1). no loans to builders or developers (unlike 6% in case of GRUH).

2). LAP is 15% of their outstanding loan portfolio. Their plan is to take it to 20% in the next few years since it has a better margins. LAP customers are usually self-employed and hence the NPA is higher (about 2.9% if I remember correctly). However the LTV ratio is max 65% which is in favor of REPCO.

Hi everyone,

I attended the Repco AGM and it was kind of quite. Only one person asked questions during the meeting but then people flocked to ask questions later, me and Jatin included. Management didn’t introduce themselves in the beginning and this one guy seemed quite upset about it. :smiley:

  1. Cost of funds: NHB has come up with a lot of regulations so the component of NHB funding has gone down.

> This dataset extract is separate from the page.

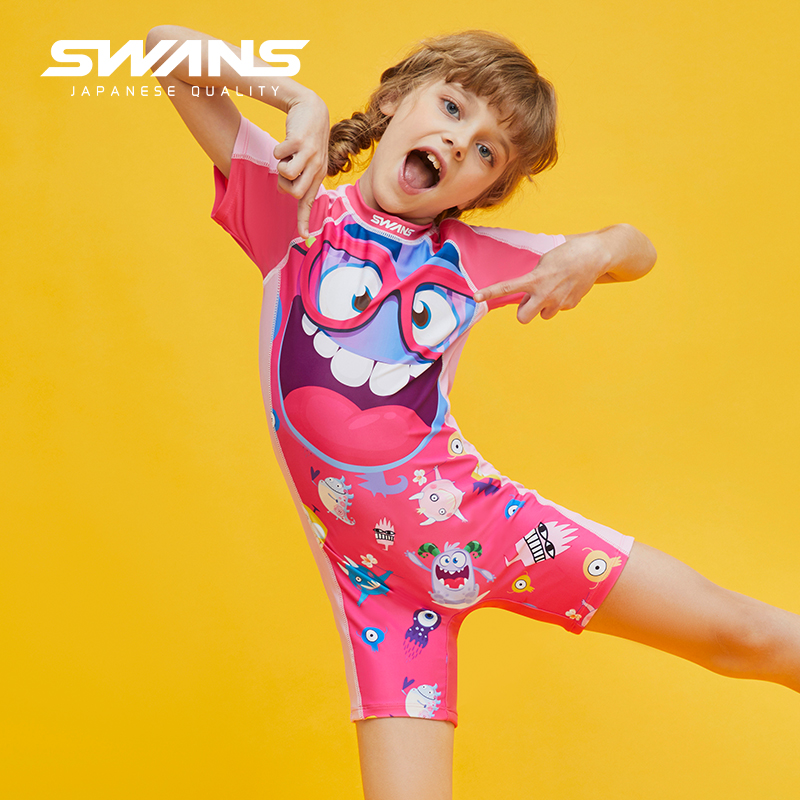 swans Children's swimsuit Girls boys one-piece swimsuit Baby middle and large children split swimsuit 2021 new summer

They said that the target is to have a 3% spread and 4% NIM. They want to maintain that and NHB regulations will not let them do that. They evaluate the situation and then decide on what funding source to use. NHB funding may even go down to 25% if they decide so. They take loans from banks at base rates. The credit rating upgrade could happen anytime and they said they just had a meeting with someone about it. But a further upgrade from A+ rating won’t impact the borrowing from banks much. It makes a substantial difference only when using NCDs which is in a bad shape at the moment.

  2. IPO funds havve already been deployed in the first 2 months after IPO. The average disbursements per month have been about 130-150 cr.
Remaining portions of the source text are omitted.